Assigned task:
Output the data verbatim, minus the images.

Data segment:
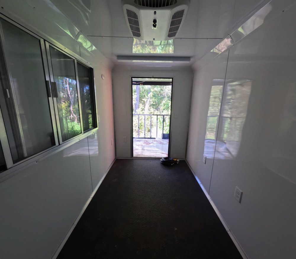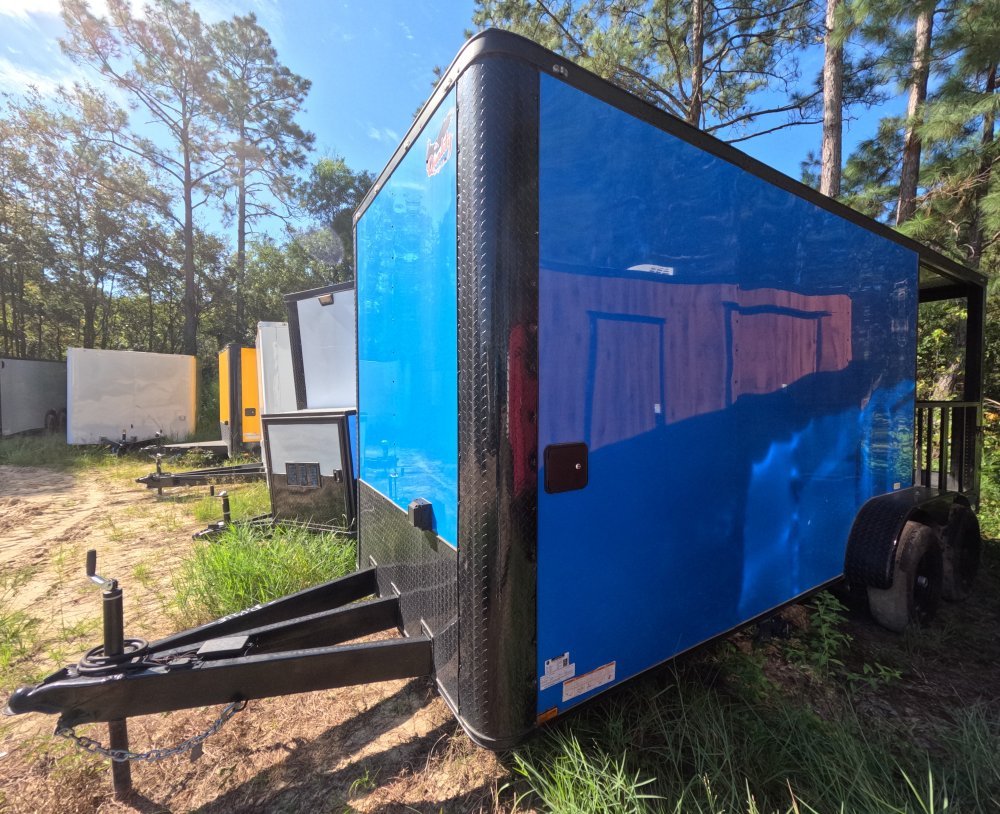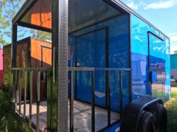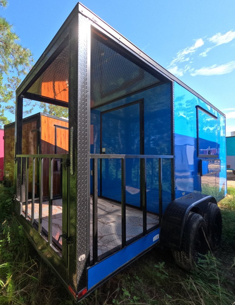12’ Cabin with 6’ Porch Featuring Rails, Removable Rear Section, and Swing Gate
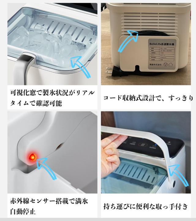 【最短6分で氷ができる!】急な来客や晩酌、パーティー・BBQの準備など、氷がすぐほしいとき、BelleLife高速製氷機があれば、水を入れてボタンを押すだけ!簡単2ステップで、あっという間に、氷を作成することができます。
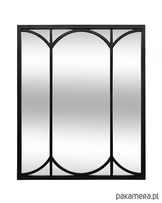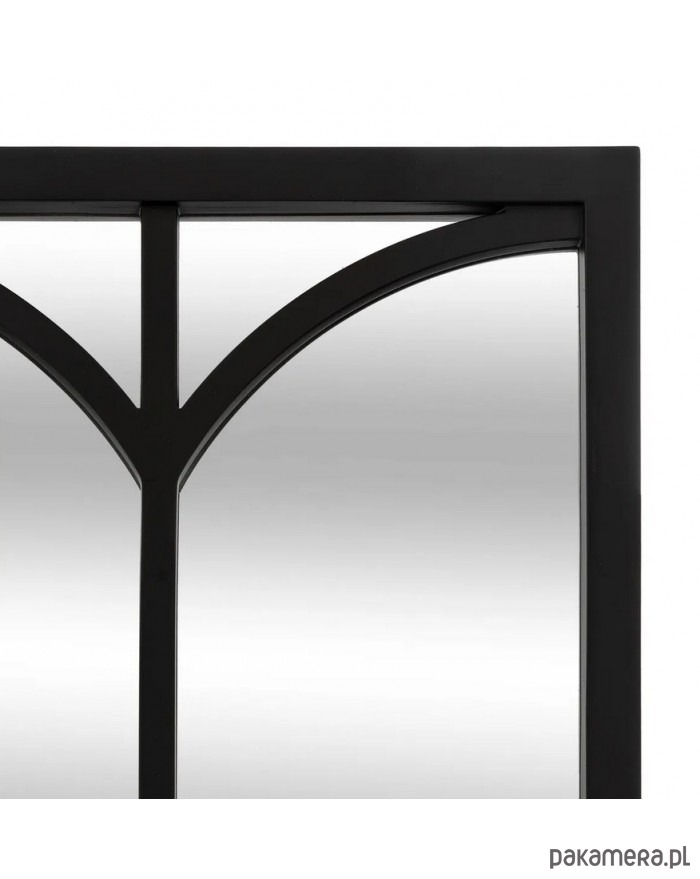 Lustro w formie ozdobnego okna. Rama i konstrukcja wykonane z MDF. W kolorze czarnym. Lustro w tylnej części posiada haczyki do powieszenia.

Response area:
12’ Cabin with 6’ Porch Featuring Rails, Removable Rear Section, and Swing Gate
 【最短6分で氷ができる!】急な来客や晩酌、パーティー・BBQの準備など、氷がすぐほしいとき、BelleLife高速製氷機があれば、水を入れてボタンを押すだけ!簡単2ステップで、あっという間に、氷を作成することができます。
 Lustro w formie ozdobnego okna. Rama i konstrukcja wykonane z MDF. W kolorze czarnym. Lustro w tylnej części posiada haczyki do powieszenia.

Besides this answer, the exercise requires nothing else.